Сильга не обиделась. Усмехнувшись, она убрала руки под плащ, втянув туда же поводья и, чуть сгорбившись, чтобы сохранить тепло, заговорила, покачиваясь в седле:
— Кхтун овладевает твоим телом двумя путями, палач. Либо медленно и неслышно втекает будто сладкая патока в кувшин с узким горлышком, напевая неслышимые никому кроме тебя убаюкивающие разум песни-заклинания….
— Песни-заклинания?
— Либо же кхтун врывается в твой разум как бандит в мирный дом, ударом ноги выбивая дверь и впрыгивая внутрь! Но там его ждет зубастый злой пес, что всегда готов защитить свой дом.
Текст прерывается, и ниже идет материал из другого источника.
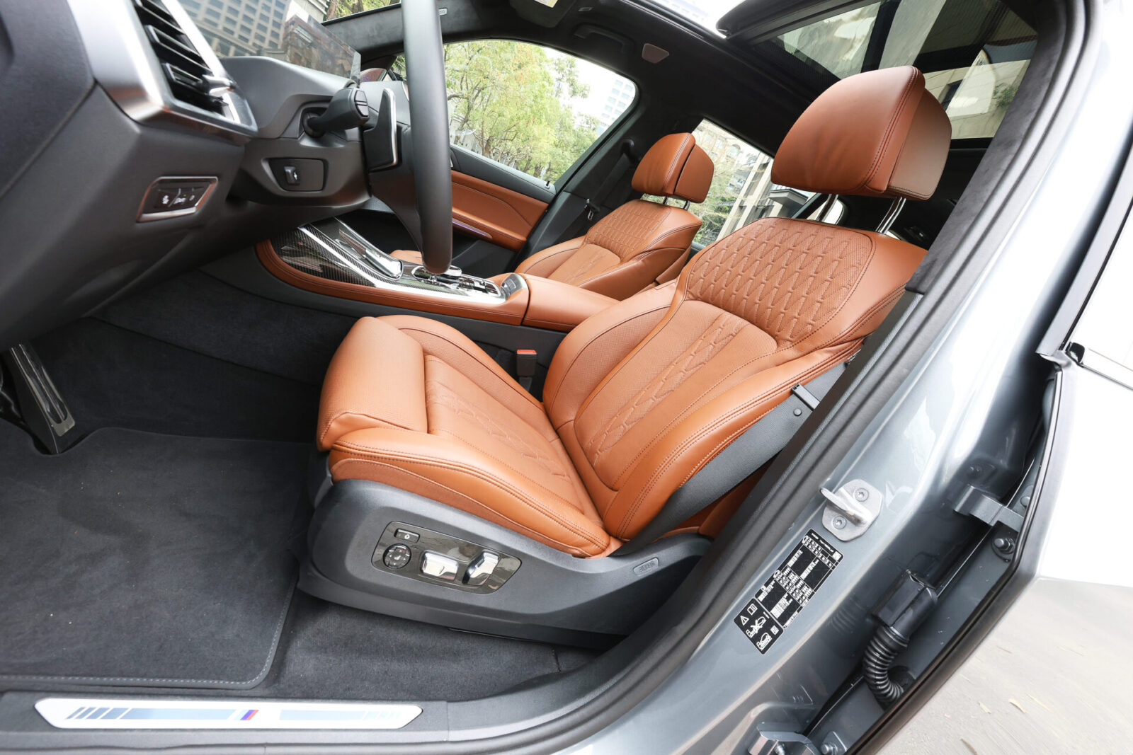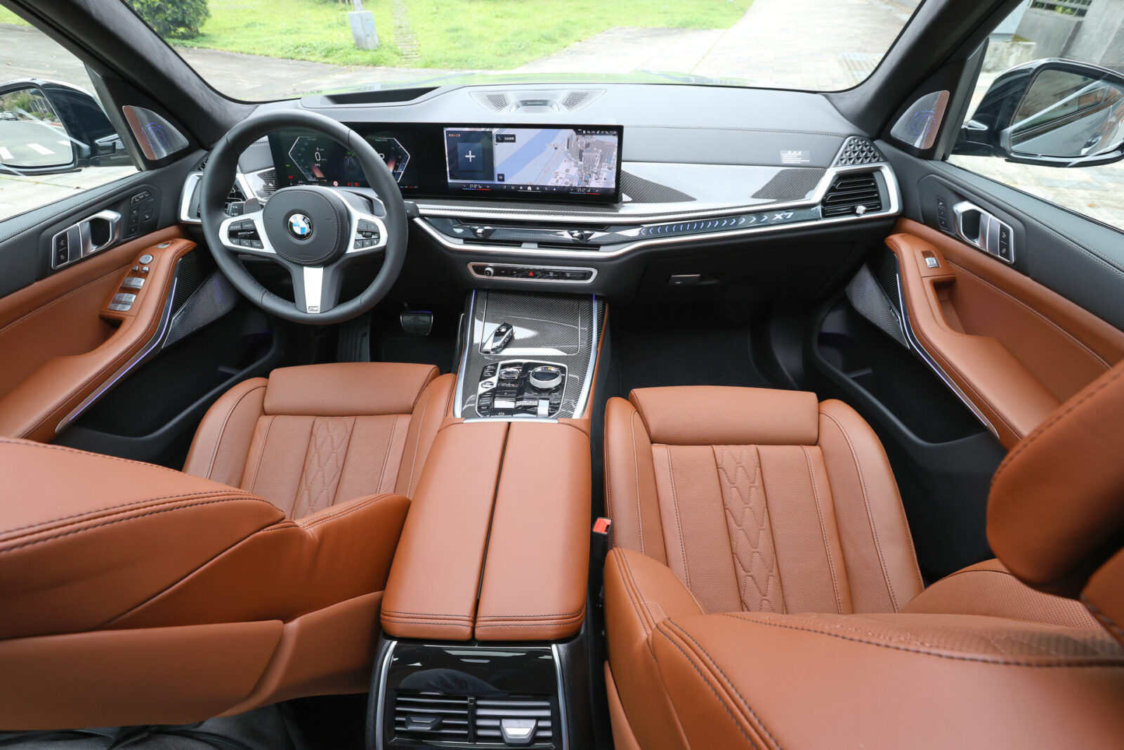 來到車室部分,特仕車首先採用M多功能真皮方向盤搭配控檯與中央鞍座等處的大面積M碳纖維飾板呼應跑格外觀,亦同步升級BMW Individual Alcantara麂皮黑色車內頂篷,以及可隨著車室氛圍燈轉換多種渲染光色的Sky Lounge全景式電動玻璃天窗,無論觸覺或視覺質感都更上層樓。值得一提的是,配合品牌數位科技的快速升級步調,新年式X7全車系皆已搭載BMW OS 8.5作業系統,整體畫面呈現與使用體驗都較原本的8.0系統更加簡潔好上手,此外也具備AR擴增實境導航、遠端引擎啟動、手機數位鑰匙2.0、記憶範圍增加至200m的自動倒車輔助系統,以及最多10組記憶的記憶路徑停車輔助系統等功能,科技便利程度絕對令人滿意。

— Постой… где ждет злой зубастый пес?
Выпростав одну руку из-под плаща, девушка трижды стукнула себя указательным пальцем в лоб:
— Там. В твоей голове. Ее надежно охраняют, палач. И потому кхтунам не так уж и легко украсть чужое тело.
— Какой еще пес?
— Ты — улыбнулась Анутта — Ты сам, Рург. Твой характер, твоя душа, твои страхи, твоя ярость. Все то, что составляет тебя из таких разных разноцветных ледяных и раскаленных кусочков, дает вторгшемуся кхтуну яростный отпор! По нашим знаниям, детский разум еще не вырастил себе подобного защитника, а вот разум взрослого уже под надежной охраной. Переступив порог чертогов твоего разума и души кхтун подвергает себя страшной опасности. Ведь коли он не справится с терзающим его охранником… ему конец!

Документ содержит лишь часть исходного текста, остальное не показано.